Allie's War Season Three
Page 90
Knowing how thrilled she must be to be going anywhere with me and my terrorist seer pals, she’d probably been screaming bloody murder since she woke up on that aircraft carrier in the middle of the Pacific Ocean.
Angeline, who I'd known since art school, along with Frankie, one of my tattoo shop pals, just looked really stoned. They stared at me, glassy-eyed, as if Revik and I were ghosts, or maybe some program on the virtual feeds. It was difficult not to stare back as I fumbled to strap myself into one of the jump seats across from them. They'd provided us with crash-seats, essentially, like you might see in a stock car, I assumed in case they had to invert the crate.
I glanced over at the rest of them as I finished buckling the last safety belt, fighting to get comfortable in the hard organic foam. Sasquatch looked pretty out of it, too. So did the handful of other humans we'd pulled because their names were on the list.
Jon was supposed to be the commander of these people.
As I thought it, I glanced at Wreg, watching him strap himself in on my other side next to Jon. Despite his seeming imperviousness, Wreg looked pretty exhausted now, too, despite the relief in his light now that he’d seen that Jon was all right. That last week of stress and no-sleep, periodic jailbreaks and battles thrown in, boat rides, flights, treks through the Andes and jeep rides across a bullet-ridden and half-crazed New York state...it was taking its toll on all of us. From Wreg’s face, I could tell his arm hurt him, too.
Feeling a different set of eyes on me, I turned, looking for the source.
I met a pair of dark blue irises before my mind caught up enough to identify their owner.
Once I recognized him, I stiffened.
Jaden's stare remained glassy, like Frankie and Angeline’s, yet he seemed to be trying to think through the drug, to concentrate. He focused the bulk of that effort on me for some reason, as if I were a puzzle he couldn't quite solve. When I tried giving him a reassuring smile, he flinched, even as recognition flickered across his features.
"It really is you," he said. “Allie.”
I glanced around at the other faces nervously, even though Balidor had assured me the crate was soundproof. When I glanced at Balidor himself, who sat on the opposite side of Revik, he only raised an eyebrow at me, glancing at Jaden.
When I looked back at Jaden, his expression hadn't changed from that puzzled stare.
"Do I really look that different?" I said quietly with a smile.
"Yes," he said without hesitation. “At first I thought those pictures must have been doctored on the feeds...or else they were talking about someone else...that there’d been a mistake..." He squinted, again seeming to be trying to concentrate. "You're...taller," he said finally. "Your body's totally changed..." He stared at my chest, and I felt a pulse of irritation from Revik, who sat beside me on the opposite side as Wreg. Jaden didn't even glance at him. "...You look completely different, Al. Your face, everything. Even your eyes are different..." He hesitated again, staring at my mouth, and again I felt a ripple from Revik, one holding more overt aggression that time.

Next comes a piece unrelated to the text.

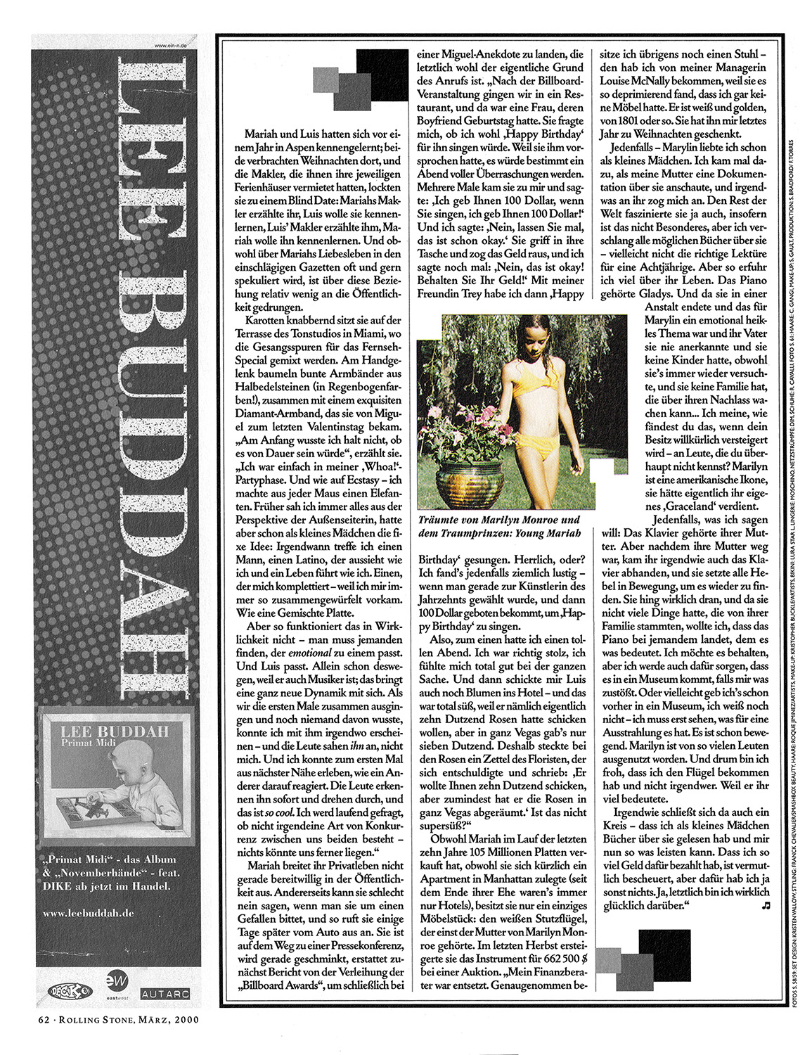 Mariah breitet ihr Privatleben nicht gerade bereitwillig in der Öffentlichkeit aus. Andererseits kann sie schlecht nein sagen, wenn man sie um einen Gefallen bittet, und so ruft sie einige lage später vom Auto aus an. Sie ist auf dem Weg zu einer Pressekonferenz, wird gerade geschminkt, erstattet zunächst Bericht von der Verleihung der “Billboard Awards,” um schließlich bei einer Miguel-Anekdote zu landen, die letztlich wohl der eigentliche Grund des Anrufs ist. “Nach der Billboard-Veranstaltung gingen wir in ein Restaurant, und da war eine Frau, deren Boyfriend Geburtstag hatte. Sie fragte mich, ob ich wohl ‘Happy Birthday’ für ihn singen würde. Weil sie ihm vorsprochen hatte, es würde bestimmt ein Abend voller Überraschungen werden. Mehrere Male kam sie zu mir und sagte: ‘Ich geb Ihnen 100 Dollar, wenn Sie singen, ich geb Ihnen 100 Dollar!’ Und ich sagte: ‘Nein, lassen Sie mal, das ist schon okay.’ Sie griff in ihre Tasche und zog das Geld raus, und ich sagte noch mal: ‘Nein, das ist okay! Behalten Sie Ihr Geld!’ Mit meiner Freundin Trey habe ich dann ‘Happy Birthday’ gesungen. Herrlich, oder? Ich fand's jedenfalls ziemlich lustig — wenn man gerade zur Künstlerin des Jahrzehnts gewählt wurde, und dann 100 Dollar geboten bekommt, um ‘Happy Birthday’ zu singen.

"...Your smile," Jaden said. "Your smile is the same. Your voice is...close. But something about that is different, too..."
I shrugged, honestly more indifferent to his appraisal than anything.
"Yeah," I said. "Well...seers age different than humans. You knew that. Some of mine happened a little later, is all. I changed when I found out what I was."
Jaden shook his head, his eyes still puzzled.
"Not like that," he said. "They don't age like you did, Allie. You should have been a kid when I met you, right? I looked it up on the reference feeds. The pictures they showed of seers had them looking like kids until they hit their twenties. I saw pictures of an eighteen-year-old and she looked about ten, in human years..." He hesitated, still staring at me. "Did you know? Did you know what you were...even when we were together?"
Again, I felt anger on Revik, that time dense enough that I flinched.
He looked away when I glanced up, folding his arms, even as his light coiled a little deeper into mine.
"No," I told Jaden, fighting to hide my puzzlement at the intensity of Revik’s reaction. "No, I didn't know then. I didn’t know until I left San Francisco."
“How did you find out?” Jaden said. He turned his head, looking at Revik as if he were some kind of cartoon villain. “Did he tell you?”
“Yes,” Revik said, his voice openly hostile.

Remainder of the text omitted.